Research is showing this is already true. A recent study found that nearly all job growth since 1980 has been in occupations that rely heavily on social skills. Workplace tasks that require social skill tasks grew by 24% from 1980 to 2012, compared to only 11% for math-based tasks.

This people-focused skill set will be required to augment recruiting with a talent advisory function.

Talent advisor

Rob McIntosh calls the talent acquisition leader of the future a talent advisor, which he defines as:

“a trusted recruiting partner to the business who consistently delivers the best candidates in support of the business mission while continually improving the hiring process and candidate experience.”

Among the critical skills of a talent advisor are solving recruiting problems through creativity, using business acumen to get you better outcomes, and influencing hiring managers and candidates.

A major benefit of AI and automation is freeing up recruiters’ time.

Talent advisors will be able to better spend their time on initiatives such as reducing bias in recruiting, analyzing the ROI of their recruiting software tools, and planning strategies for proactive hiring based on future growth and revenue rather than reactive backfilling.

2. Data-focused analytical skills

The demand for data-focused recruiters exists today.

A Visier survey found that 70% of hiring managers believe recruiting departments need to become more data-driven to improve long-term business impact.

how AI is changing the recruiter skillset

This greater alignment means which recruiting metrics an organization considers crucial will depend on what the desired business outcomes are.

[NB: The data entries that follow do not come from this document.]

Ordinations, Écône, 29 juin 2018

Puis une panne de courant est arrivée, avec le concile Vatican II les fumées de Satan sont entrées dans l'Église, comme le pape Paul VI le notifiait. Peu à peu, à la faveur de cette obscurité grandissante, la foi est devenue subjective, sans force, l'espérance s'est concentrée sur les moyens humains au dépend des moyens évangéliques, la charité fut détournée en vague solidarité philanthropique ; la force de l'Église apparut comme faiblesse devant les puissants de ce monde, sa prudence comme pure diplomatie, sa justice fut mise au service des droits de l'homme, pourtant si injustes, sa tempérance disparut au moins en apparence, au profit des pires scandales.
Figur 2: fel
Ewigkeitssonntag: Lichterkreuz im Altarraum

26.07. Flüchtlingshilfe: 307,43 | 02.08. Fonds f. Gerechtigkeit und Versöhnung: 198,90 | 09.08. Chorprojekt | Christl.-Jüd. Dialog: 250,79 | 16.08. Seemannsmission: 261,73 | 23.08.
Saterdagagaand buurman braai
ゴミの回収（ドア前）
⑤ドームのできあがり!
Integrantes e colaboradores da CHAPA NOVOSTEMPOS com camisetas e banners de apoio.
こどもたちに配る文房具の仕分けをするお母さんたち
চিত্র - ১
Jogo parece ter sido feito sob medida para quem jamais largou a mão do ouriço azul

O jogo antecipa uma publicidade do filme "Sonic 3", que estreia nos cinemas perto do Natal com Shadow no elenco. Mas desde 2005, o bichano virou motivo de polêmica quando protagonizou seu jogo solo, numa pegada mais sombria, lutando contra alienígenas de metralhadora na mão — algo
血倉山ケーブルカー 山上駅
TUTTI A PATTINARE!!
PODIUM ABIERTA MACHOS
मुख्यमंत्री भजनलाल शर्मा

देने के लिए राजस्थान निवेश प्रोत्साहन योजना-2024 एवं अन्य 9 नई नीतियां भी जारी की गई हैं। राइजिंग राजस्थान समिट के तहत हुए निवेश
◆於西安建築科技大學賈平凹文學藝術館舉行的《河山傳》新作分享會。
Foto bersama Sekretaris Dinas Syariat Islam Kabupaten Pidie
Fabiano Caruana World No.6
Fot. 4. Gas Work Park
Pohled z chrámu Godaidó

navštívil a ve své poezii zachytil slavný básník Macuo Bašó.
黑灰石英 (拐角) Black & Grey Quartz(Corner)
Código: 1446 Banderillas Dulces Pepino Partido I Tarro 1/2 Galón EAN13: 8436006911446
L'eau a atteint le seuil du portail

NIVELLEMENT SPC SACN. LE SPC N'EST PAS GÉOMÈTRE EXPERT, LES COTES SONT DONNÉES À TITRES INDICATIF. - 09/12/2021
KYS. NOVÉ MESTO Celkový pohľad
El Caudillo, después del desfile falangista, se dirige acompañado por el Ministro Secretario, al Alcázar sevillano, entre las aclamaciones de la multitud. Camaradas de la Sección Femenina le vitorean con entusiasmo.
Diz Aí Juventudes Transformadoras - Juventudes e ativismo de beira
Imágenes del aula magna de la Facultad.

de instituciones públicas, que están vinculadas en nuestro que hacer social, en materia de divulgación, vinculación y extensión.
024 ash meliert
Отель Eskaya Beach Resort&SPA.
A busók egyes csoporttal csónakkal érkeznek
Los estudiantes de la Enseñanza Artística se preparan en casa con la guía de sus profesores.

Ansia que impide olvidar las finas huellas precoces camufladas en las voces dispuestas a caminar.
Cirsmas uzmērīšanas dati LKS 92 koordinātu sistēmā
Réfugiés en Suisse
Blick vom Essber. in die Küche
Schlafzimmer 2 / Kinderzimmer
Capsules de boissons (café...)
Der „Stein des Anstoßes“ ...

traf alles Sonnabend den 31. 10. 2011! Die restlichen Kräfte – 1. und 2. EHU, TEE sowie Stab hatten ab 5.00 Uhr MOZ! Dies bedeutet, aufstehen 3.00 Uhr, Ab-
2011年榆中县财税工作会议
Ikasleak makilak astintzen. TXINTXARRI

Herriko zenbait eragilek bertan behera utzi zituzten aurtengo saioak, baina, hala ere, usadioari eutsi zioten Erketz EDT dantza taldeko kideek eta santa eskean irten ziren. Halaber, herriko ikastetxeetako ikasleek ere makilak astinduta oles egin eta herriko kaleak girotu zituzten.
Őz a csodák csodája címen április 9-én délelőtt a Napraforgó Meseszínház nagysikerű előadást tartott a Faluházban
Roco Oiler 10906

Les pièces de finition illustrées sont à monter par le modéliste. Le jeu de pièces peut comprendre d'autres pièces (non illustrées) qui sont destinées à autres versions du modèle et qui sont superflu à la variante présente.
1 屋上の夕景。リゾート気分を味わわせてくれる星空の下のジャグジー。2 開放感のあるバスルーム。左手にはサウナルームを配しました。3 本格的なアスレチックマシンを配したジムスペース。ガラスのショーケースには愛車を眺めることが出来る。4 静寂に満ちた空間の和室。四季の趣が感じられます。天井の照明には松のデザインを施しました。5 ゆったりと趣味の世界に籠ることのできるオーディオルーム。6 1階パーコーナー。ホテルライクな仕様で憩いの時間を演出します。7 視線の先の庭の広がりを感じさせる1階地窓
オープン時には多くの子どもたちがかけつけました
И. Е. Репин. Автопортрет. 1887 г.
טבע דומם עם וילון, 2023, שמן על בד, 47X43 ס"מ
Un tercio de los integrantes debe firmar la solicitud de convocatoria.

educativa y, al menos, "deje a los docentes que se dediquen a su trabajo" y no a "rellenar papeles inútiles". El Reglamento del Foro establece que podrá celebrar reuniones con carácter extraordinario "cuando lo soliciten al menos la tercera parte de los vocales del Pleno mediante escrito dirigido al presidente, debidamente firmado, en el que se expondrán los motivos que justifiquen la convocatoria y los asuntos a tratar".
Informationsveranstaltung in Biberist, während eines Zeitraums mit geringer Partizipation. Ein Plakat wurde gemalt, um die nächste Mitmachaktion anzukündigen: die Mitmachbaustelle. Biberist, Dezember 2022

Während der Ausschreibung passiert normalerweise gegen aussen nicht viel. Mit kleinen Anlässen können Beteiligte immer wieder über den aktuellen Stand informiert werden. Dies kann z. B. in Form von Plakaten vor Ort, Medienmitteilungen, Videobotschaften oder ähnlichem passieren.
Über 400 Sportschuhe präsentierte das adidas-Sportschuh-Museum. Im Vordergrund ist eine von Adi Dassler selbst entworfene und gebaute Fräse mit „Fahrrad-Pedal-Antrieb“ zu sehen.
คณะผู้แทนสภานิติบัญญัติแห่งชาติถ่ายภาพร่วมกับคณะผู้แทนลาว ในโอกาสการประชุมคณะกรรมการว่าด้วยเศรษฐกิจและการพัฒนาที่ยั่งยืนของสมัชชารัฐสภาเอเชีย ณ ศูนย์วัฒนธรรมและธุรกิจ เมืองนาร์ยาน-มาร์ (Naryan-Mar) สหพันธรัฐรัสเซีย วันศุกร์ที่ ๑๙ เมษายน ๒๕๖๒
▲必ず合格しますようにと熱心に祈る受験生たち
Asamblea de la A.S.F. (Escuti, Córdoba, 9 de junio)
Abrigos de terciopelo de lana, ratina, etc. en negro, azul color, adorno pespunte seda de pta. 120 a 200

The skill set of the data-focused recruiter includes a scientific mindset for collecting and testing data, domain knowledge to properly interpret results, and business acumen to get buy-in to implement their recommendations.

The data-focused recruiter of the present and future will need to become a convincing data storyteller.

Data storyteller

Although recruiting has always been a data-heavy function, this data has mainly been used to create descriptive reports on metrics such as cost of hire.

RJ Milnor, Head of Talent Analytics at Chevron, states today’s analytics experts have progressed from reporting on metrics to advising on analytics.

It’s no longer enough to explain what happened, you need to explain why something happened along with a recommended solution based on your analysis.

For example, the “what” in new-hire attrition is the data on attrition rates and the financial costs of attrition, the “why” is a proposed cause such as new hires leaving because the job isn’t what they expected, and the recommended solution is redesigning the recruitment process to provide a more realistic preview of the job’s responsibilities and the company culture.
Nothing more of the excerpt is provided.